Shakin’ It Off rollicks into the chorus with such swagger, the bassline and vocal melody tracing each other several octaves apart, creating a glorious sense of unity and lift. There’s so much confidence, not just in the performance, but the songwriting. These are seriously good hooks, and you can hear that they’re having a blast playing them, assured and locked in. Lyrically, This Ain’t Gonna End Well... hits all the classic targets that punk’s always had in its sights, but it’s not abstract or vague: it’s clearly responding to the present moment, with all the fury and clarity of a band who’ve had enough of watching history repeat itself.
This is protest music sharpened to a point, and launched like a missile.
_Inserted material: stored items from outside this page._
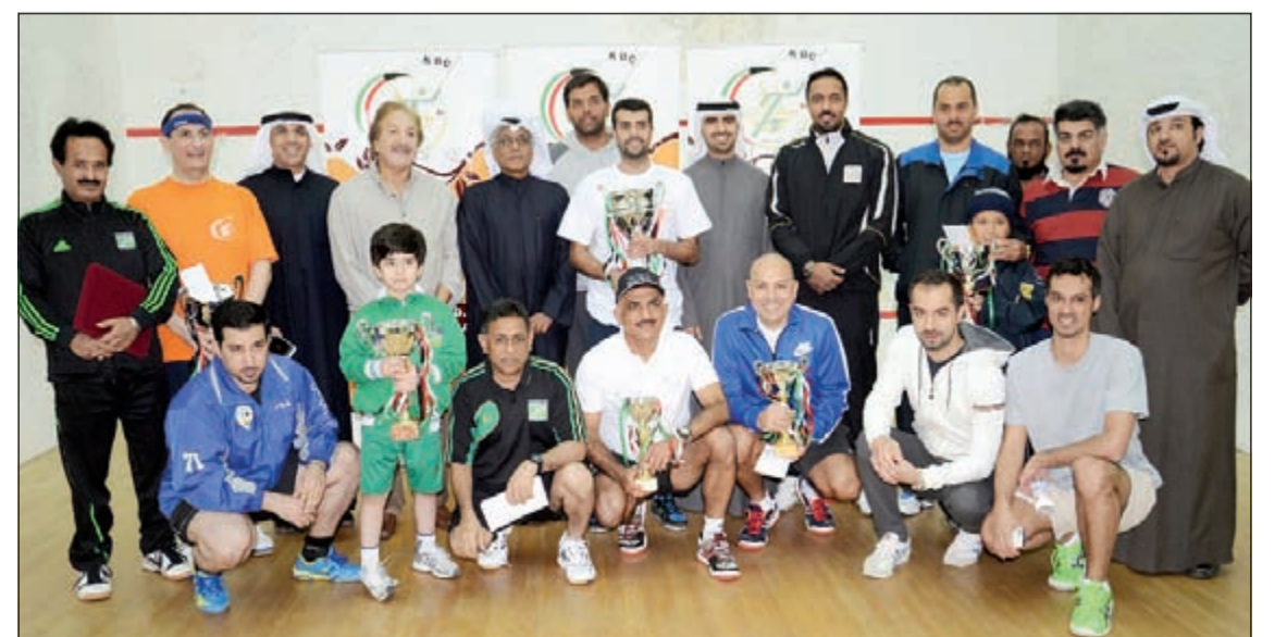
لقطة تذكارية للمشاركين بالبطولة
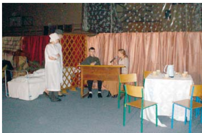
Kiermasz Bożonarodzeniowy w Gimnazjum.
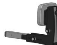
Controls pèlvics addicionals Standz
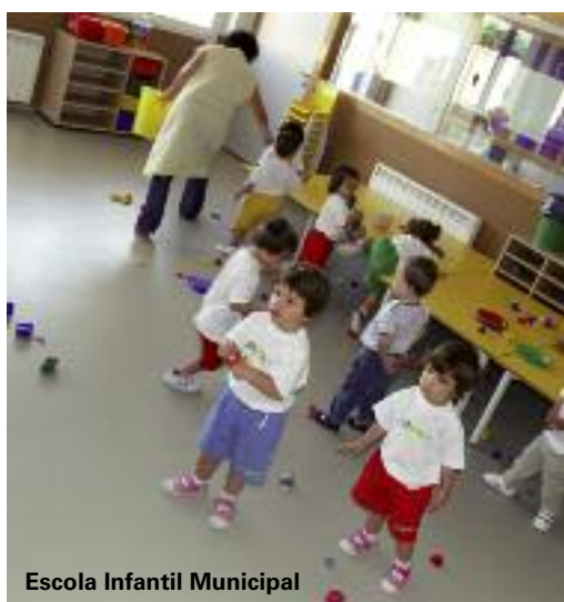
Escola Infantil Municipal

Picanya dispone desde este mismo curso de una Escuela Infantil Municipal para niños y niñas de 0 a 3 años. Un centro completamente adaptado a la ley y homologado por la Conselleria que ha dado respuesta a todas las solicitudes presentadas y que en este momento ya atiende a más de 70 alumnos y alumnas.
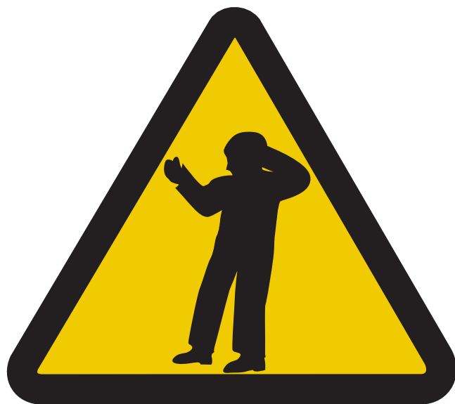
Capogiri e svenimenti
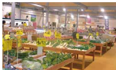
たてしな自由農園原村店」にて、新鮮な高原野菜のショッピングを!
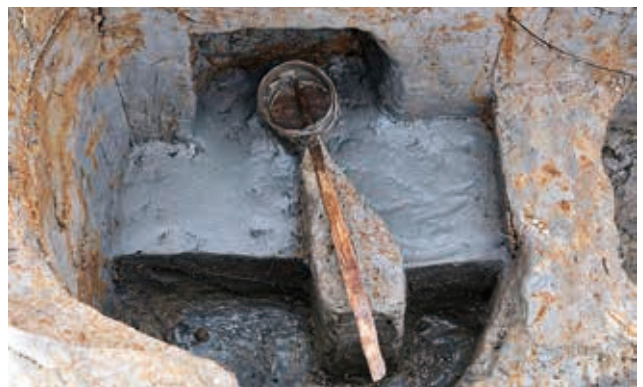
[調査区 2] 井戸出土の木製ひしゃく
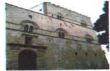
Palazzo Steri Palermo

Una scena disarmante è quella che quasi giornalmente ci ritroviamo davanti agli occhi guardando i servizi dei telegiornali nazionali e locali. Centinaia di Uomini donne e bambini che sbarcano nella nostra Isola alla ricerca di un futuro che dia dignità alla loro condizione umana.
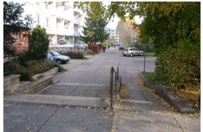
Blick in die Berliner Straße vom Berliner Platz

This is punk rock for now, that’s sweaty, raw, and necessary.
With full-throttle speed, ragged urgency, groovy swing, and phenomenal bass playing, the drums lock in like a freight train barreling downhill with the velocity of Bad Religion or NoFX and the massive physical force of The Bronx. A relentless d-beat pounds underneath while the vocals swap between gang shouts and unhinged fry screams. This is a four-piece that love the same bands, feel the same fury, and know exactly what this music is for.
This is music that knows its job and does it perfectly which, paradoxically, makes it quite hard to write about. It’s just hard and direct punk rock that hits, moves, swings and means it. The politics are classic punk, aimed squarely at the bigotry and ugliness of now, delivered with spirit, clarity and fight. This is the same kind of punk that powered skate videos, house parties, and video game soundtracks that rewired an entire generation. Mean Bikini have made a record that feels like it was released in 1994 and handed to you on CD-R by someone older and cooler than you, whilst speaking directly to the moment urgently and defiantly.